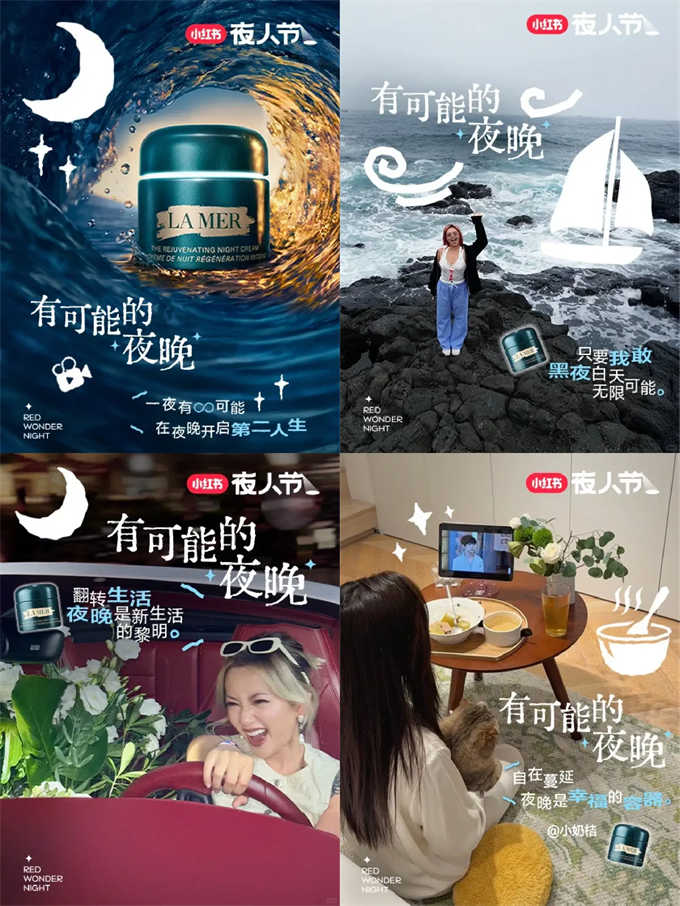 小紅書量體裁衣,尋找品牌與夜晚情緒之間的微妙共振,吸引一眾知名品牌絲滑融入用戶的夜間場景,收獲夜間營銷的1001種可能。
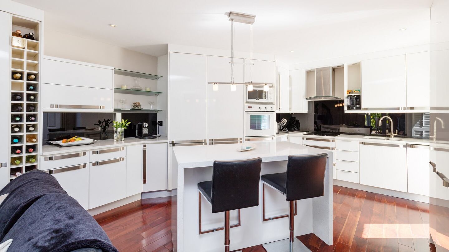 A clean white colour palette and the strategic use of large mirrors also help maximise natural light.
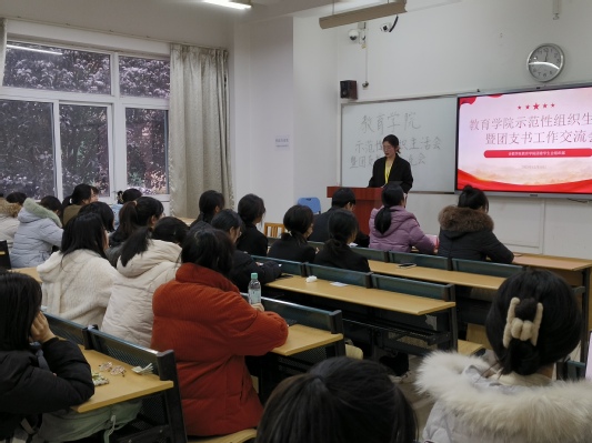 傳革命薪火,展青春舞姿。為了發揚共青團精神,展現青年之志,12月19日下午4時,教育學院示范性組織生活會暨團支書工作交流會在三棟102教室順利舉行。教育學院團委副書記張弦樂、團委學生會兼職副書記屠厚輝、團委學生會兼職副書記李艾錦、各班級團支書以及21級應用心理學班全體同學參會,組織部部長朱思宇擔任主持人。
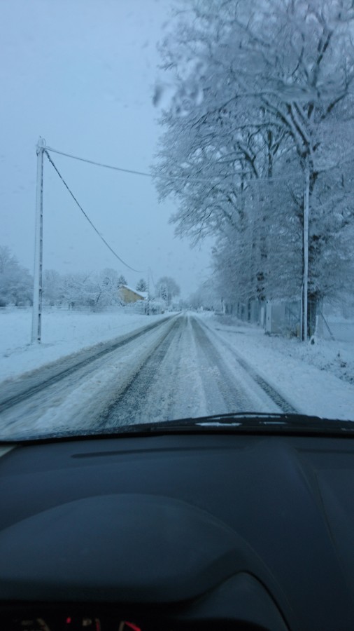 La pauvre, j'ai failli lui mettre un vent ! Comme il se met à neiger, je lui envoie un sms pour savoir si ça tient toujours, elle me dit qu'elle se met en route donc moi aussi.

WORK TO COMPLETE :: Apart from the pictures, restate all of the listing above exactly.

TASK RESPONSE ::
 小紅書量體裁衣,尋找品牌與夜晚情緒之間的微妙共振,吸引一眾知名品牌絲滑融入用戶的夜間場景,收獲夜間營銷的1001種可能。
 A clean white colour palette and the strategic use of large mirrors also help maximise natural light.
 傳革命薪火,展青春舞姿。為了發揚共青團精神,展現青年之志,12月19日下午4時,教育學院示范性組織生活會暨團支書工作交流會在三棟102教室順利舉行。教育學院團委副書記張弦樂、團委學生會兼職副書記屠厚輝、團委學生會兼職副書記李艾錦、各班級團支書以及21級應用心理學班全體同學參會,組織部部長朱思宇擔任主持人。
 La pauvre, j'ai failli lui mettre un vent ! Comme il se met à neiger, je lui envoie un sms pour savoir si ça tient toujours, elle me dit qu'elle se met en route donc moi aussi.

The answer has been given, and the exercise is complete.